Tompkins Neil wrote:
> We are looking to upgrade our version of mySQL to the latest version of
> mySQL 5. One of the main features we are going to think about using is
> replication for our website data. Basically we have 2 websites located in
> the UK and US which share similar information, and we are going to be using
> replication as a way of keeping the data up to date and in sync.
> Based on your experiences, is there anything we should be aware of before
> investigating this route and putting it into practice ?
I've had to take servers out for bad raid-controllers, bad ram, bad
mobos. Disks have been the least of my problems. So make sure your
architecture tolerates the ability to take members of your pool out
without load-spiking the remaining members. And if you're doing
filesystem snapshots from a master to a replicant, you will have to
either have policy or extra servers available to maintain your uptime
when you interrupt the master to flush all the tables, sync the
filesystem and do an LVM snapshot. Innodb would require a shutdown.
Don't forget that LVM snapshots are copy-on-write, so when that master
comes back up and starts processing modifying tables, you'll get amazing
system load on a busy system as your file system starts madly copying
extents into the snapshot volume.
Define a procedure for junior staff how to properly down and up a pool
member. Like, if you get a disk-full on one member, and it borks
replication, what's the step-by-step for a) determining if replication
can re-establish after you do a FLUSH LOGS, b) under what conditions do
you have to re-copy all data from one master to another because your
replication window has expired and your logs have gotten flushed.
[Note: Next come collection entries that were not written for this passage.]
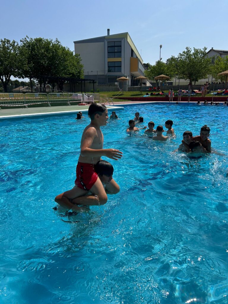 Després de gaudir d’un matí ple de jocs, reptes i rialles, la jornada va acabar d’una manera refrescant i molt esperada: tots a la piscina! 💦 Un moment de relax i diversió per tancar una experiència enriquidora que, de ben segur, molts recordaran amb un gran somriure.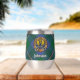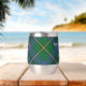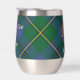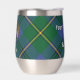 Insignia escudo Clan Johnston rodeada de una correa y hebilla sobre el fondo del tartán. Texto personalizado en ambos lados.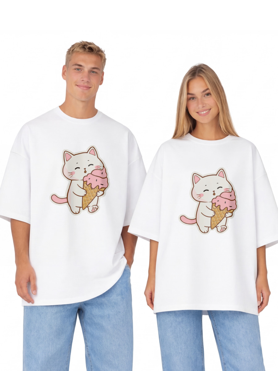 Футболка оверсайз «ПУХЛЫЙ КОТ ГРЫЗЁТ МОРОЖЕНОЕ ЖАДНО»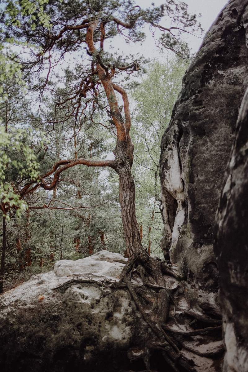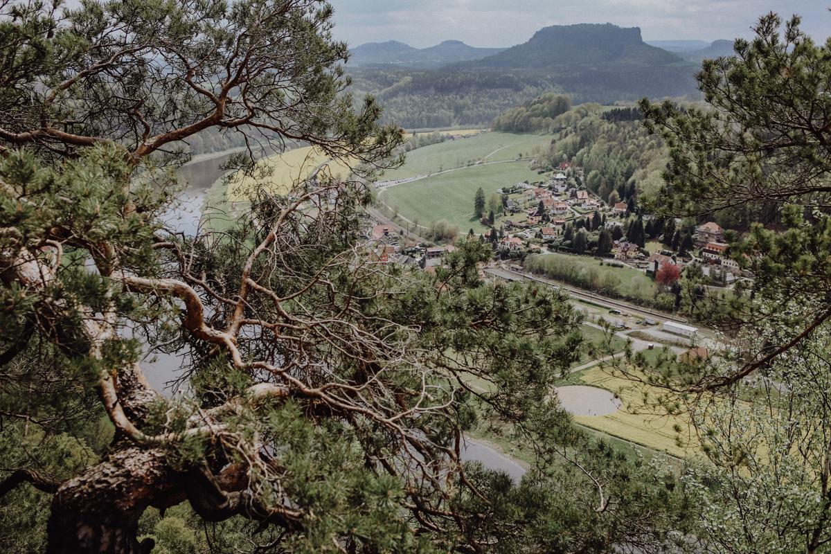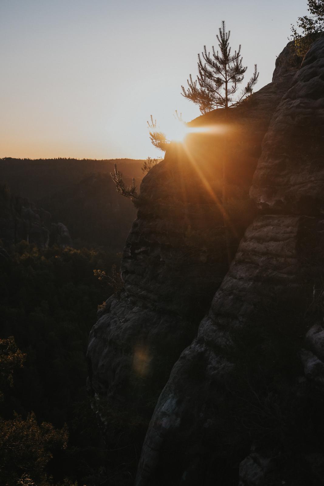… die Route von Porschdorf schließt mit dem Gamrig sogar einen weiteren beeindruckenden Felsen ein. Wenn Du ihn auf dem Hinweg vielleicht noch übersehen hast, solltest Du ihm am späten Nachmittag umso mehr Aufmerksamkeit schenken! Dann nämlich, wenn die Sonne sich so langsam gegen Abend neigt, taucht sie die Südseite des Felsens Picknickplätzen in ihr goldenes Licht. Dann gilt es nur noch, unter den vielen knorrigen Kiefern den Lieblingsplatz zu finden…

Your
replication binlogs get really big if you're pushing large materialized
views regularly via replication, or your servers have fast disks, not
enough size to handle a more than a weekend or whole day (for example)
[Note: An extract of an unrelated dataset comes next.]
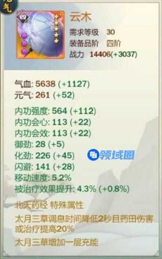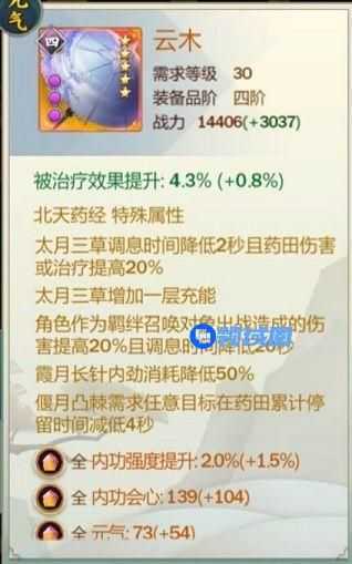 1:太月三草调息时间降低2秒且药田伤害或治疗提高20%

Define a procedure for checking your my.cnf files for correct
auto-increment-* settings and server-id settings. Junior staff, and even
senior staff rarely add more members to the pool, so these settings are
often mistaken during a midnight maintenance hour. Procedure for adding
members and changing master replication settings is very important.
Often your DBA is not racking and changing the equipment.
Make sure that you have a good understanding of what kind of capacity
you're growing at. I started a project with two four-core boxes with
plenty of 15krpm disk and when they got into production, they regularly
spiked to load 20 and 30. Not pretty. Not only had my old architecture
refused traffic to lighten the load, my new architecture didn't. My data
set was growing so fast my sort-buffer settings for the old servers were
too small for new servers. I ended up with four DL380s with 8 cores per
box. I really had to scramble to get more servers in there. The addition
of two more read-only members really helped, and backups handled by
replication to an off-site replicant.
Another load capacity warning: if your traffic is very spiky, and you
get high-load conditions, I've seen reset/dropped connections and also
plain old connection timeouts. So if you have RAM for 1024 connections,
you prolly can't service 1024 connections when you've got table
contention and connections from your web-nodes just start failing. If
they fail for too long, then you have to do some FLUSH HOSTS to reset
connection attempt counters.
I don't know what your application does, but I certainly monitor
replication lag. Load spikes can certainly increase lag. I've had to
move from single instances of mysql to mysqld_multi and separate
databases by replication rate. Your monitoring should also track sql
threads. You might need to define procedure on how to deal with
pooling-out members that fall too far behind in replication.
I've written an iptables script to block webnode connections but allow
sql pool member connections. I use this to take a member out to run
table repairs or to lighten the load while it does replication catch-up.
WAN connectivity for replication is interesting! I did site-to-site
transfer using stunnel. I had to negotiate weird Cisco 5502 VPN
behavior. Copying gigs of myisam files between sites would knock over my
vpn so I had to rate-limit using rsync --bwlimit. Bursting bandwidth
charges were still brutal, though. Later, we ended up configuring CBQ
(search freshmeat.net for cbq-init) on my backup replicant to limit
bandwidth so it wouldn't provoke bursting charges.